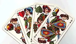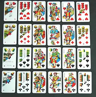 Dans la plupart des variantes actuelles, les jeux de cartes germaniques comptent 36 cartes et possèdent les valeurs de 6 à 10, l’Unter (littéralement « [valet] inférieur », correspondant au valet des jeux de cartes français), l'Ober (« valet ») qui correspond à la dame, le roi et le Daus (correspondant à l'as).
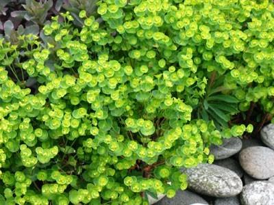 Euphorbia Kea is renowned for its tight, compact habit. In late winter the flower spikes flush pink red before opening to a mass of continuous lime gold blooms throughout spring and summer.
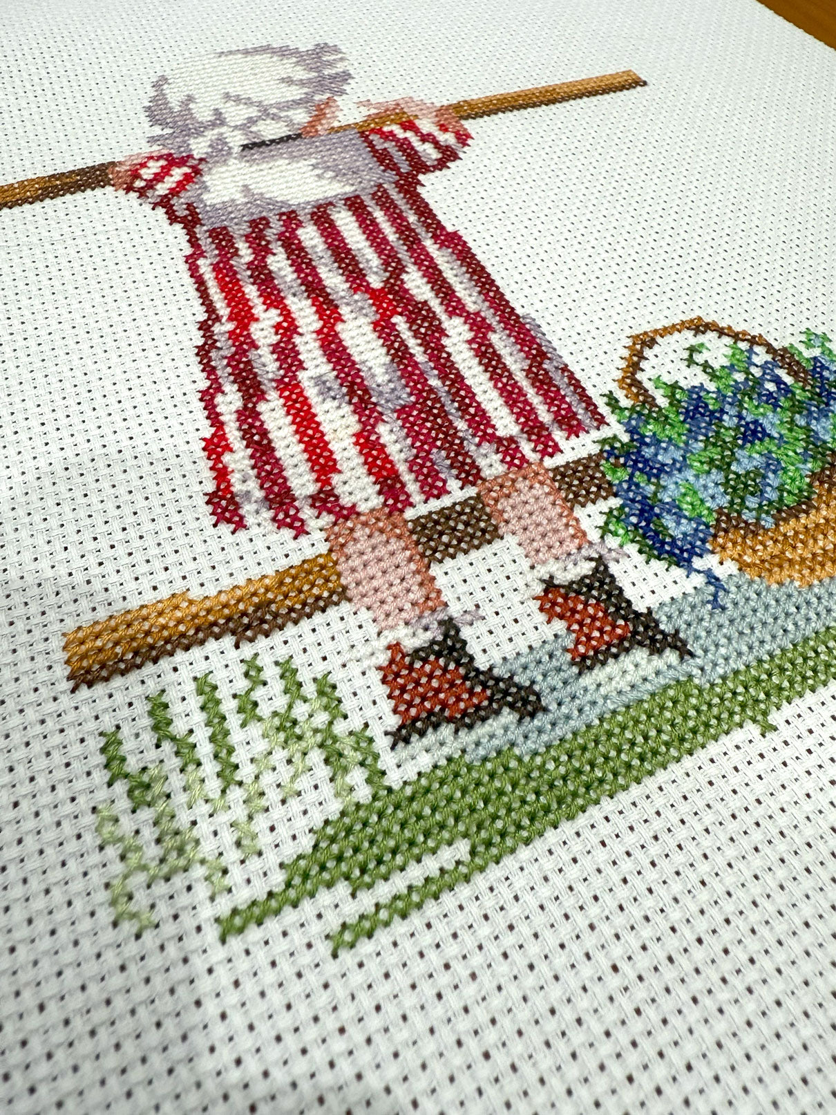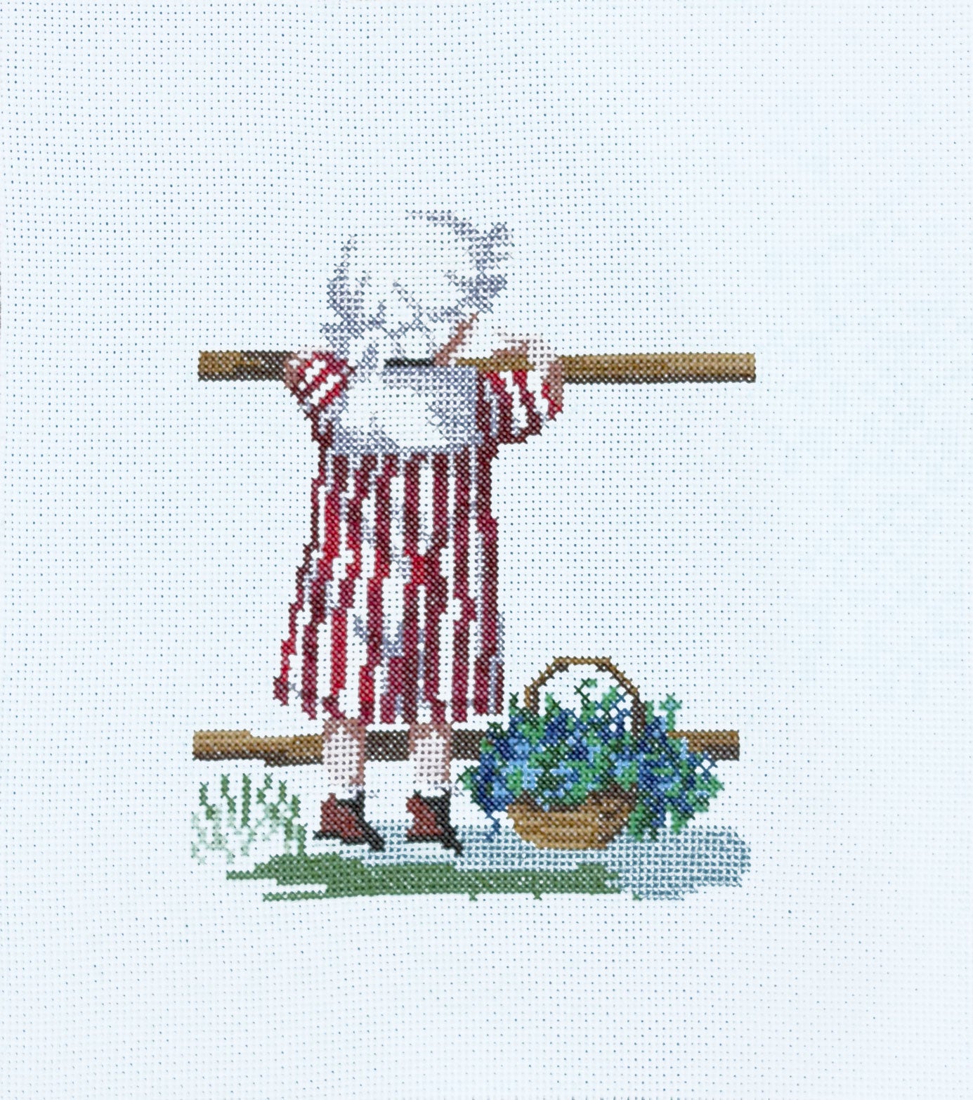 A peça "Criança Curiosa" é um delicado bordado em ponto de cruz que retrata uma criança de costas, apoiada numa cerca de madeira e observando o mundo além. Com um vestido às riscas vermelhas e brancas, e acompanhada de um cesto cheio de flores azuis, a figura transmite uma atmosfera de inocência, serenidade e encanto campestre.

...

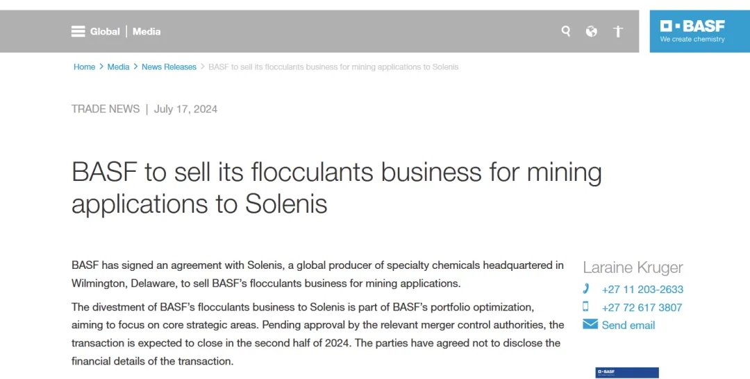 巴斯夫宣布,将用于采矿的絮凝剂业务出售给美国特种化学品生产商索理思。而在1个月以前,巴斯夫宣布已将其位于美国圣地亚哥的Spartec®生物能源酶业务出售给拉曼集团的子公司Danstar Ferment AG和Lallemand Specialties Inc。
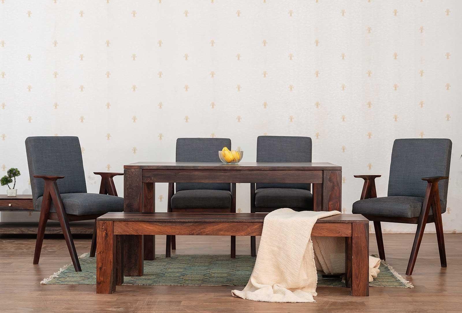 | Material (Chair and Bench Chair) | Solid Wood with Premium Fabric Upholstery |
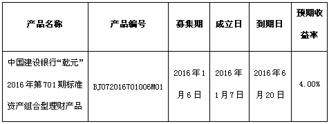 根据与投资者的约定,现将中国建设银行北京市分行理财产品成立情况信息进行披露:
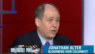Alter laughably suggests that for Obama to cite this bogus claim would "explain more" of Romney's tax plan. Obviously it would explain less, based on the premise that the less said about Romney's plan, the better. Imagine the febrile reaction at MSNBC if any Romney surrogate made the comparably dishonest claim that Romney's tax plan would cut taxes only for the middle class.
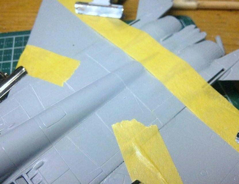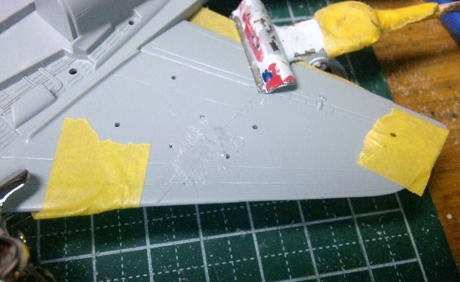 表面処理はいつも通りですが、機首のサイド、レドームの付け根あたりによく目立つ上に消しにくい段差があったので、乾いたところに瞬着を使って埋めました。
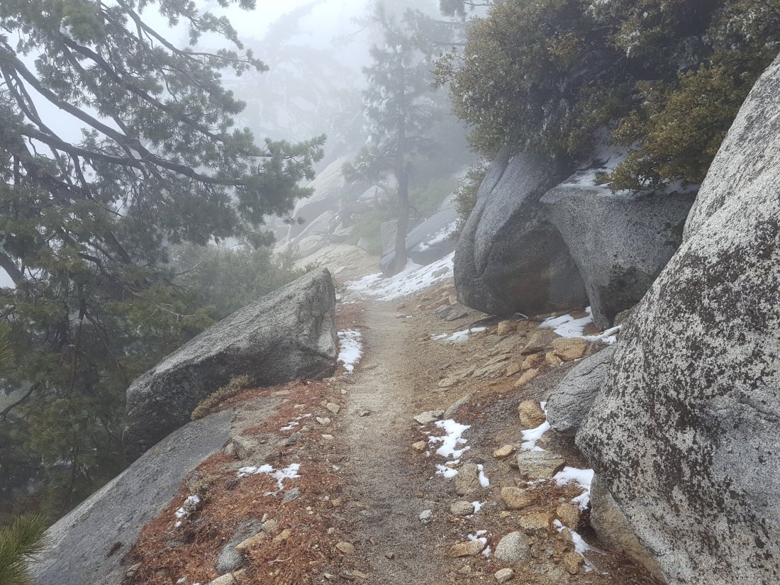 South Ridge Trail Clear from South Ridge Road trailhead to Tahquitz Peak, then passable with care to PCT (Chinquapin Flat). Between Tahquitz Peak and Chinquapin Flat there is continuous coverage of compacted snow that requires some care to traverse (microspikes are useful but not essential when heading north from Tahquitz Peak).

#### What you have to do:
Starting at the line containing "Dans la plupart" and finishing at the line containing "e encanto campestre.", return those lines exactly as they appear above, without the pictures.

#### Solution:
 Dans la plupart des variantes actuelles, les jeux de cartes germaniques comptent 36 cartes et possèdent les valeurs de 6 à 10, l’Unter (littéralement « [valet] inférieur », correspondant au valet des jeux de cartes français), l'Ober (« valet ») qui correspond à la dame, le roi et le Daus (correspondant à l'as).
 Euphorbia Kea is renowned for its tight, compact habit. In late winter the flower spikes flush pink red before opening to a mass of continuous lime gold blooms throughout spring and summer.
 A peça "Criança Curiosa" é um delicado bordado em ponto de cruz que retrata uma criança de costas, apoiada numa cerca de madeira e observando o mundo além. Com um vestido às riscas vermelhas e brancas, e acompanhada de um cesto cheio de flores azuis, a figura transmite uma atmosfera de inocência, serenidade e encanto campestre.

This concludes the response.